--- Data extract Enclosed Below ---

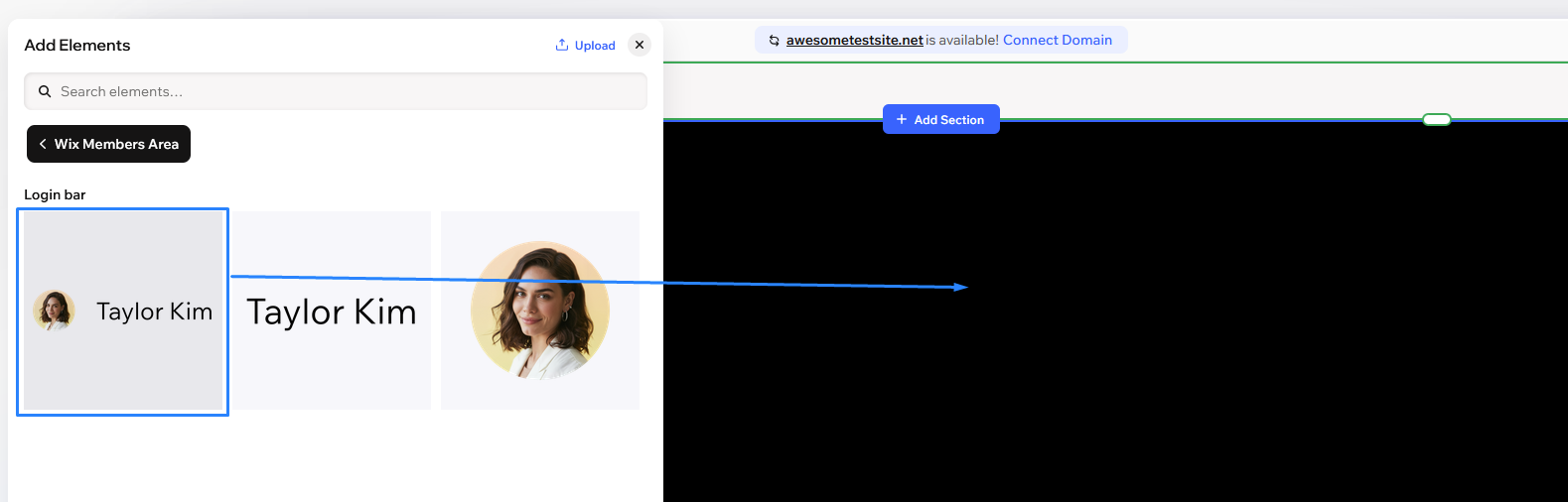 Click the + Add button on the top left of the screen, then navigate to the Wix Members Area section.
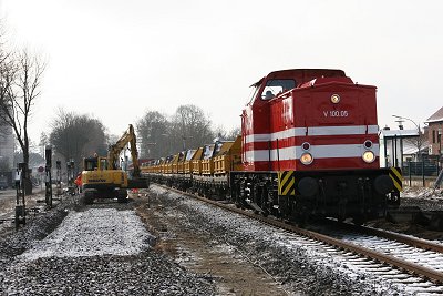 ![]() 22.03.: Die V100 des Schotterzugs |
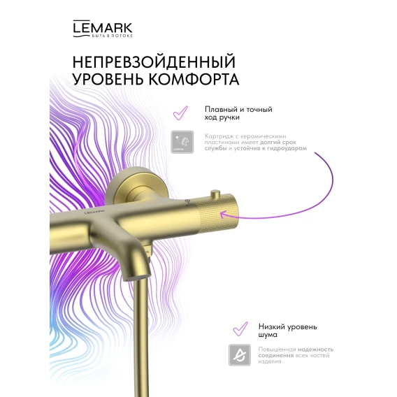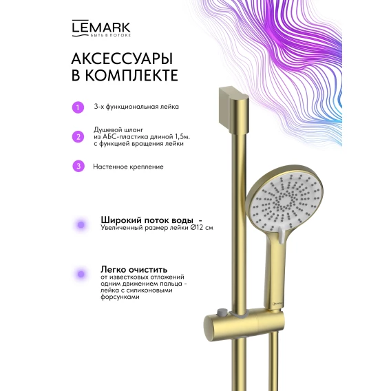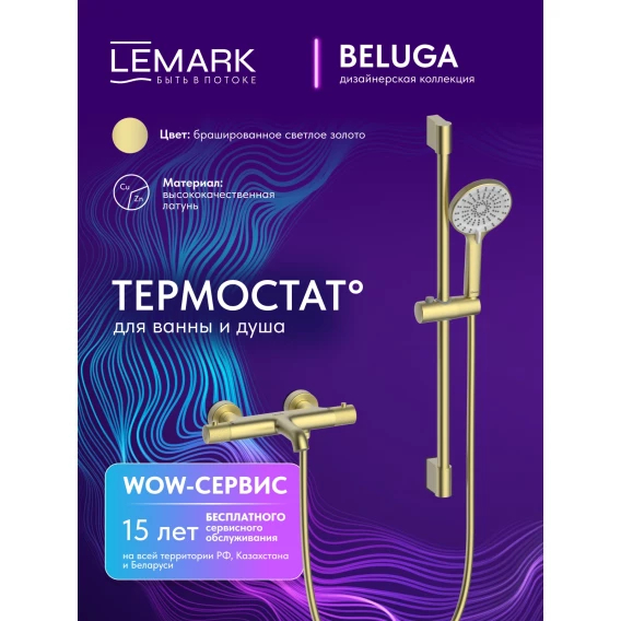 Термостат для ванны Lemark Beluga LMF-8042B-BRLG с душевым гарнитуром, светлое золото матовый
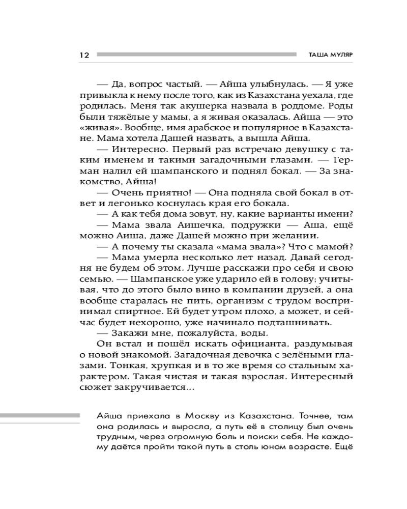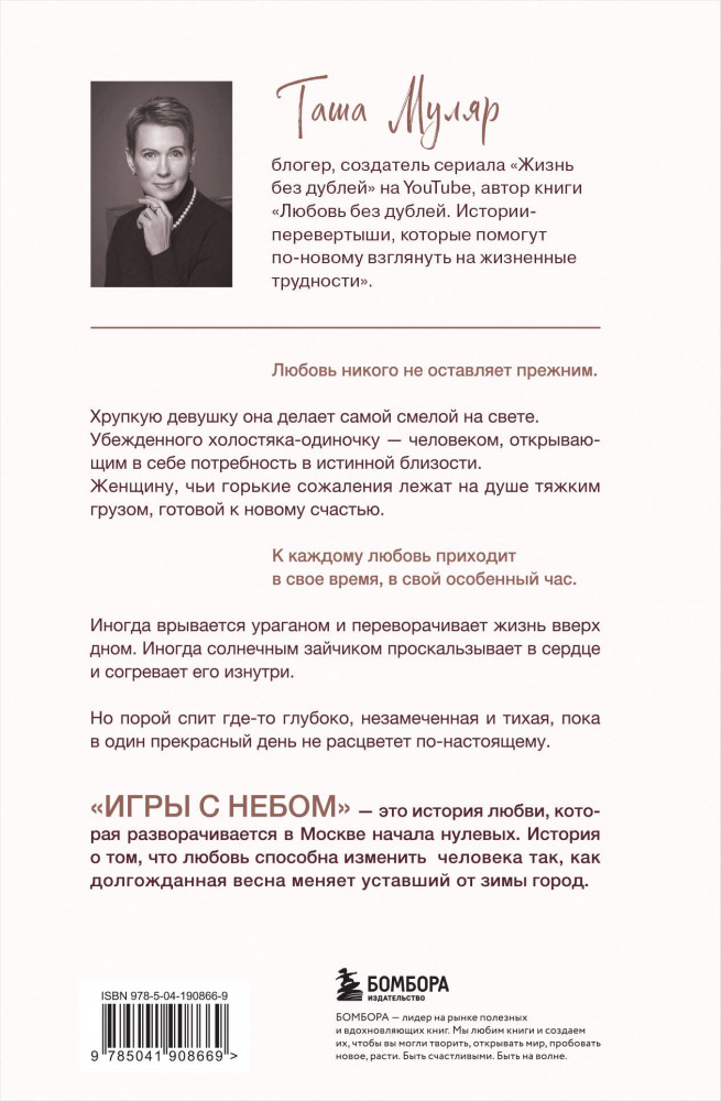 Игры с небом. История про любовь, которая к каждому приходит своим путёмВ данный момент этот товар отсутствует в продаже. Возможно, у нас найдется аналогичный или похожий товар здесь. Серия: Жизнь без дублей. Просто о непростом с Ташей Муляр Две удивительные героини. Две непохожие истории. Судьбоносные решения, которые им предстоит принять, оставят в душе читателя чувство светлой грусти. Вам ни за что не захочется расставаться с этими невероятно сильными женщинами. Этот трогательный роман поможет осознать ценность любви и счастья. Он о том, как важно уметь прислушиваться к себе и не отступать. Когда кажется, что стоит все бросить и выбрать легкий путь, героини Таши Муляр доказывают, что истинная любовь стоит ожидания. |

--- End of Enclosed Data extract ---

Work order
Because the copy must hold no pictures, return only the lines that run from the line containing "Термостат для ванны" to the end of the data above, each exactly as it stands.

Reply to the task
 Термостат для ванны Lemark Beluga LMF-8042B-BRLG с душевым гарнитуром, светлое золото матовый
 Игры с небом. История про любовь, которая к каждому приходит своим путёмВ данный момент этот товар отсутствует в продаже. Возможно, у нас найдется аналогичный или похожий товар здесь. Серия: Жизнь без дублей. Просто о непростом с Ташей Муляр Две удивительные героини. Две непохожие истории. Судьбоносные решения, которые им предстоит принять, оставят в душе читателя чувство светлой грусти. Вам ни за что не захочется расставаться с этими невероятно сильными женщинами. Этот трогательный роман поможет осознать ценность любви и счастья. Он о том, как важно уметь прислушиваться к себе и не отступать. Когда кажется, что стоит все бросить и выбрать легкий путь, героини Таши Муляр доказывают, что истинная любовь стоит ожидания. |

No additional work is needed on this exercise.